For enterprise security teams, the practical implication is this: the assumption that AI safety measures create a meaningful barrier between AI capabilities and threat actors is not supported by the evidence. The threat actors who are actively deploying AI against enterprise environments are not using Claude. They are using purpose-built offensive tools, jailbroken models, and increasingly, custom-trained models that have never had safety training to begin with.
Claude's content policies protect against unsophisticated misuse. They do not protect against professional threat actors who have been building their own tooling for two years. The gap between what public models refuse to do and what underground models actively do is the actual threat surface.
This myth is the most consequential for email security specifically — and the most thoroughly demolished by the Claude Mythos benchmarks.
The argument runs like this: large language models are sophisticated pattern-matching and text generation systems. They can write convincingly. They can summarise. They can generate code when given enough examples. But genuine reasoning — the kind of contextual, multi-step inference that a trained security analyst applies when evaluating whether an email is a social engineering attempt — is beyond them. Humans understand intent. Models recognise patterns.
Claude Mythos demolished this argument not through benchmark scores alone, but through what those scores represent in practice.
On SWE-bench Verified — a benchmark that tests a model's ability to solve real-world software engineering tasks from actual GitHub repositories — Mythos scored 93.9 percent. This is not a test of text generation or pattern recognition. It is a test of whether a model can read a description of a software problem, reason about the codebase, form a hypothesis about the root cause, and implement a correct solution. That is reasoning.
On USAMO 2026 — a proof-based mathematical olympiad evaluation requiring formal logical reasoning — Mythos scored 97.6 percent, compared to 42.3 percent for Claude Opus 4.6. Olympiad mathematics is not a text generation task. It requires constructing valid logical arguments from first principles. That is reasoning.

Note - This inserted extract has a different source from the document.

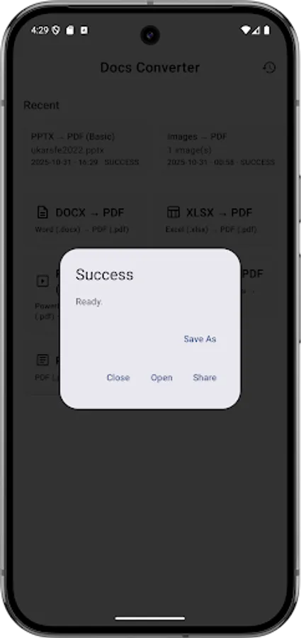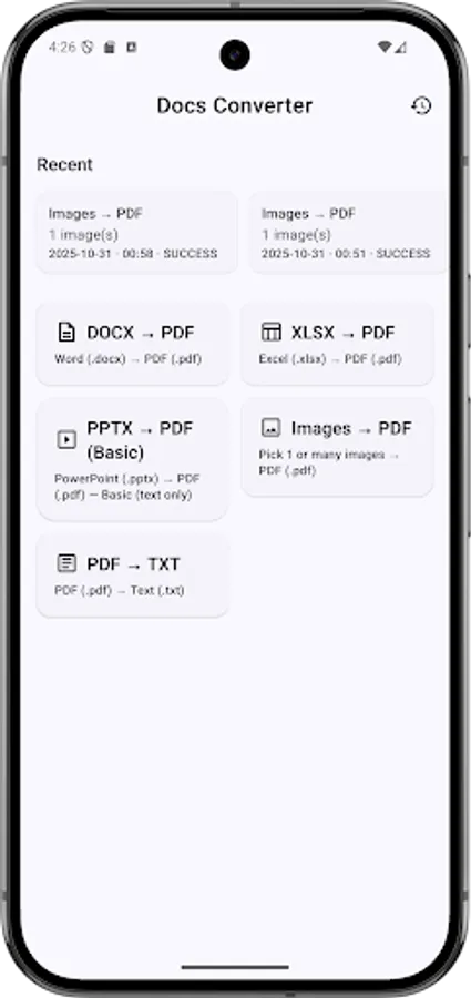 Make clean PDFs from your files in seconds. Docs Converter turns Word (DOCX), Excel (XLSX), PowerPoint (PPTX), and Images into high-quality PDFs and can extract Text from PDF when you need it.
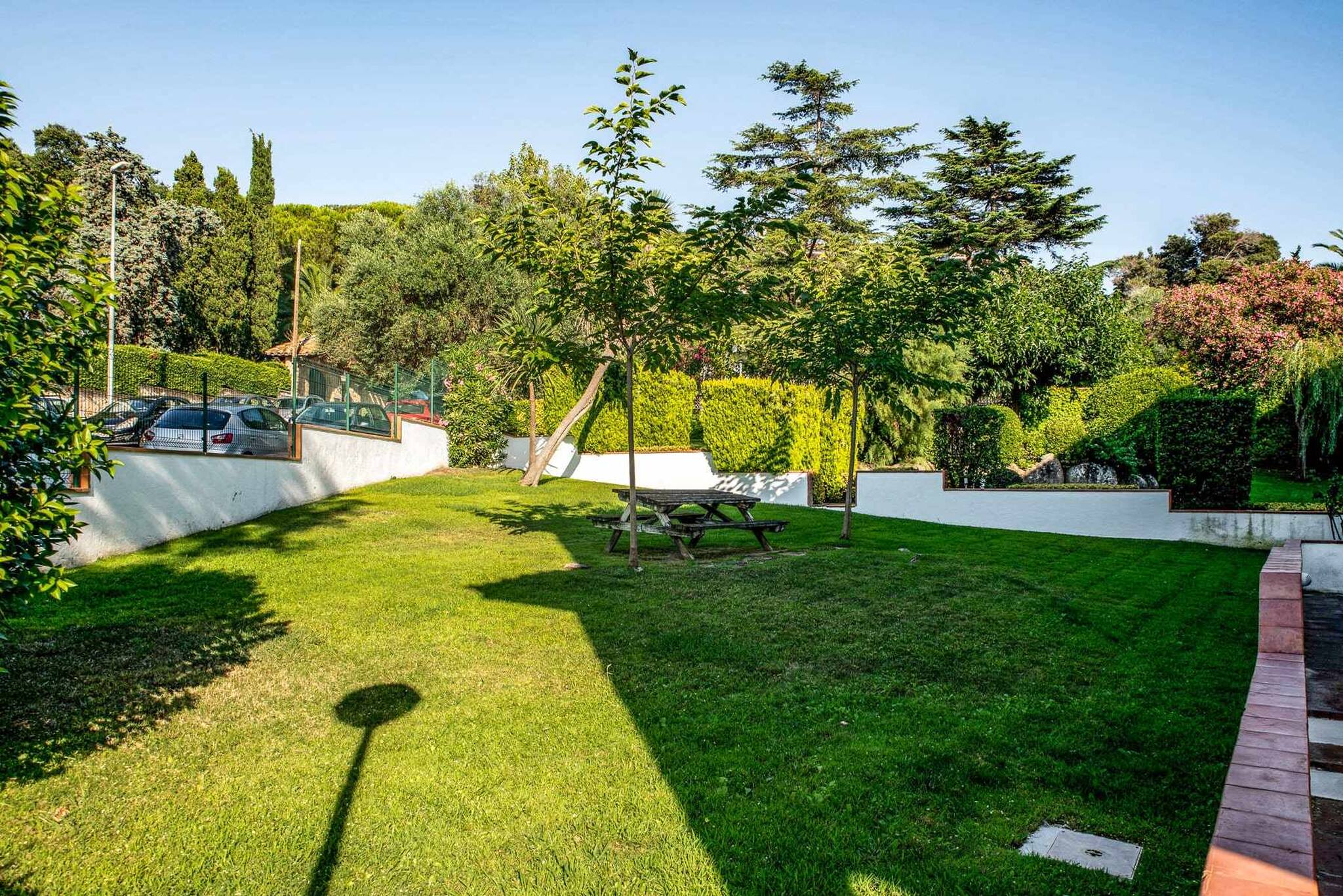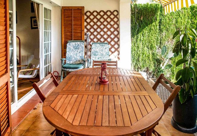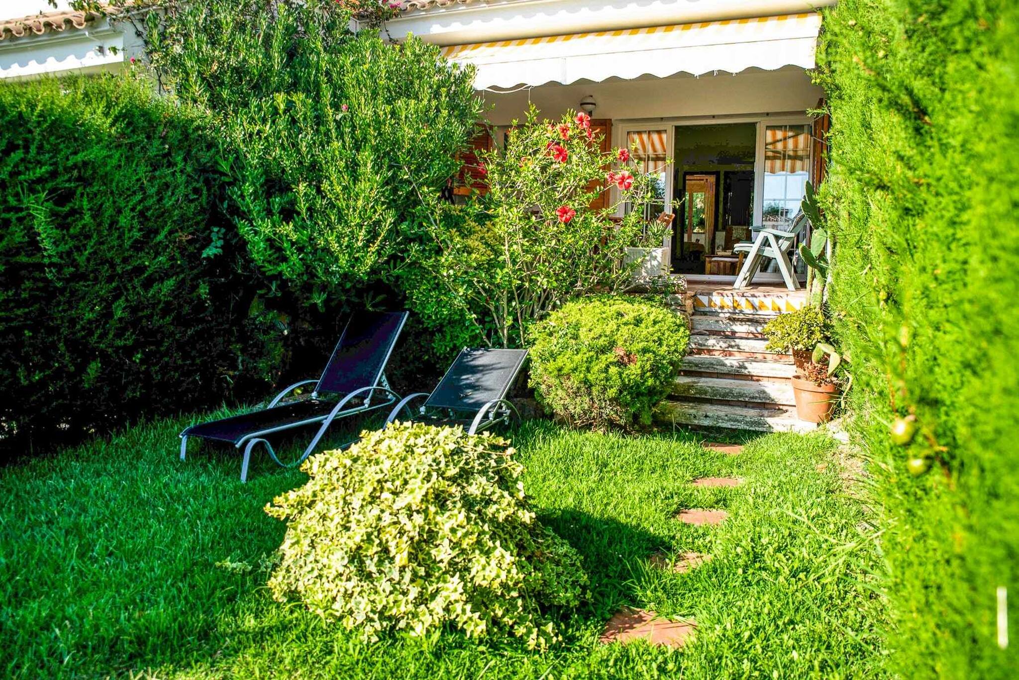 Zona exterior amb porxe amb tendal i mobiliari d'exterior. Jardí amb gandules i barbacoa. Des del jardí privat accedim a la piscina comunitària, pista de tenis i zona de pícnic.

Most directly, Mythos found a 27-year-old vulnerability in OpenBSD by chaining together multiple individually insignificant signals into a coherent exploit — a capability that Nicholas Carlini, Anthropic's security research lead, described as: "It has the ability to chain together vulnerabilities. So what this means is you find two vulnerabilities, either of which doesn't really get you very much independently. But this model is able to create exploits out of three, four, or sometimes five vulnerabilities that in sequence give you some kind of very sophisticated end outcome."

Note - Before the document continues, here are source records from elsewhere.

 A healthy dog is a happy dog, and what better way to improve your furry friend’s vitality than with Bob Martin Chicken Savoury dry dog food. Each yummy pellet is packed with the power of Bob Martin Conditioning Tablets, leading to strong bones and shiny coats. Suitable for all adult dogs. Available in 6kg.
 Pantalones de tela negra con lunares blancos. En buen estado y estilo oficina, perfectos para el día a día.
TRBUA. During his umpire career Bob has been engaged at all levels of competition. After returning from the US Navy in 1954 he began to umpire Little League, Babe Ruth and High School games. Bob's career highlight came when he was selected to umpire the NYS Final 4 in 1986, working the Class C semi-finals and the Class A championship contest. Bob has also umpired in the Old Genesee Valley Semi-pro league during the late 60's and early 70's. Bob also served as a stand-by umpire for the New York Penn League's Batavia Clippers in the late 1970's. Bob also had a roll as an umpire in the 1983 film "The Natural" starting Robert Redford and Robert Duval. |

Chaining together weak signals into a coherent threat assessment is precisely what a skilled email security analyst does when evaluating a suspicious message. Is the sender domain slightly off? Is the request unusual for this sender-recipient relationship? Does the urgency seem engineered? Does the action requested bypass normal approval workflows? None of these signals is individually conclusive. Together, they constitute a threat verdict.
This is the analytical structure that LLM-native intent detection applies to email — and the Claude Mythos benchmarks confirm that frontier LLMs perform this kind of multi-signal reasoning at a level that exceeds all but the most skilled human analysts.

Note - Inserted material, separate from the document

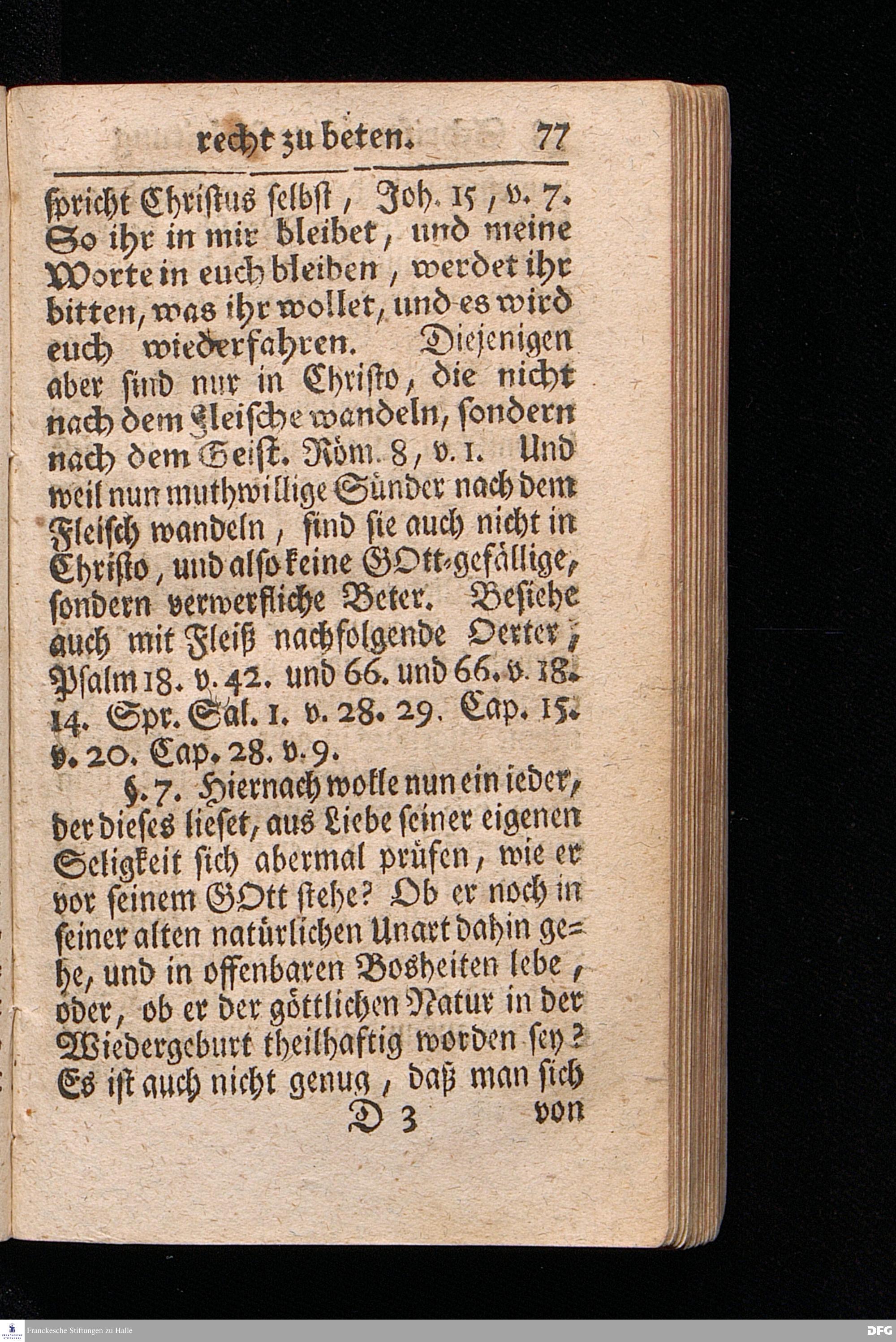 Die Lehre Vom Anfang Christliches Lebens / Bestehend in vier Theilen: I. In einer gründlichen Anleitung zu wahrer Busse und Glauben an GOTT. II. In einem einfältigen Unterricht, wie man die H.Schrift zu seiner wahren Erbauung lesen solle. III. In einer Schriftmäßigen Anweisung recht und GOTT gefällig zu beten. IV. In einer kurtzen Prüfung / ob man den wahren lebendigen Glauben an CHristum habe oder nicht. Die XIII.Auflage. HALLE, In Verlegung des Wäysenhauses, 1730.

The architecture distinction matters here. There is a fundamental difference between email security systems that use AI as a supplementary signal within a signature or behavioural anomaly framework, and systems that use LLMs as the primary reasoning engine to evaluate email intent. The former adds an AI layer on top of an architecture that was designed for a different threat model. The latter reasons about what an email is trying to accomplish — the same question a skilled analyst asks — using the same class of model that Mythos has shown is capable of expert-level reasoning at scale.
This is the architectural distinction that defines Gen 3 email security — and it is grounded in exactly the capabilities that Claude Mythos has now demonstrated publicly. LLMs do not just generate text. They reason. The question for enterprise security teams is whether their email security architecture is using that reasoning capability or not.
A model that finds 27-year-old zero-days by chaining five weak signals into a working exploit is the same class of reasoning engine that detects a phishing email by recognising that the sender, the request, the urgency, and the action together constitute a social engineering attempt. The capability is not different — only the application is.
There is a particular form of institutional caution that treats every emerging technology as not-yet-ready until it has been thoroughly documented, evaluated by vendors, incorporated into compliance frameworks, and approved by committee. For most enterprise technologies, this caution is appropriate. For AI in cybersecurity, in April 2026, it represents a dangerous miscalibration between the speed of the threat and the speed of the defence.
The production-readiness argument rests on several assumptions, all of which have been overtaken by events.
Start with the most obvious crack: AI cyberattacks are not theoretical. Anthropic's own threat intelligence reporting from November 2025 documented the first verified instance of a cyberattack predominantly executed by AI agents — a Chinese state-sponsored group managing between 80 and 90 percent of tactical operations through AI, with human operators providing only high-level direction. That attack preceded Claude Mythos. It was conducted with the capabilities available to threat actors six months ago.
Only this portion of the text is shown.